BPP allows us to account for both individual and more structural or collective aspects of privacy, and the ways in which they are connected. We need BPP because of the problem of accumulation, whereby an actor might acquire the capacity others through multiple consenting information transactions. Such an actor might be granted less control over their privacy because they would be subject to additional demands in terms of transparency. This would allow their power to be constrained or limited somewhat, and for their exercise of it to be accountable to those over who they wield power. We might also grant those who might be especially vulnerable less control over their privacy, forcing them into the condition of privacy against their will to protect them. Clearly, this would be required by BPP, but prohibited by EPP alone. The problem of accumulation may also threaten to undermine the democratic systems of governance, which otherwise might allow for power to be exercised without the risk of domination. Individuals might be limited in how much control over privacy they can give up where this will leave themselves or others vulnerable to domination.

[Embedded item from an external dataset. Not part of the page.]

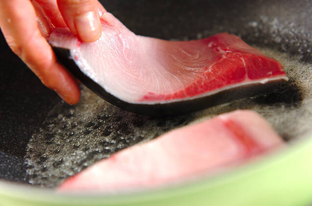 フライパンにバターを入れて弱めの中火にかけ、ブリを並べ入れ(盛り付けた時に上になる面を下にする)、両面焼き色がつくまで焼く。

One worry we might have at this point is whether BPP is too strong. How we administer therapy, health care, school, parenting and numerous other valuable practices might have to change dramatically, if they can even be sustained at all in a way that is consistent with BPP. These practices rely on the keeping of extensive records of incredibly sensitive information about people, as well as deep asymmetries in terms of informational access between service providers and users.¹¹

This objection loses some of its sting when we recall that the extent to which an individual is in the condition of privacy and the extent to which they have control over privacy are not continuous. BPP does not imply that, for example, we cannot have extensive health care records that doctors access. Rather, it means that even as I engage with a health care practitioner, I maintain to the greatest extent possible control over the records they keep about me. While the amount of privacy my doctor and I have with regard to each other is deeply unequal, it need not be the case that the control we have over our privacy be radically different. Consider, for example, the possibility that my health care records might be stored in a decentralised way, whereby I might grant access as and when necessary, rather than being stored and controlled by the service provider. We can also secure patients against domination in various ways when the existence of a particular informational asymmetry will be immensely valuable to the individual who might be exposed. For instance, we implement fiduciary duties on the part of therapists, lawyers and doctors.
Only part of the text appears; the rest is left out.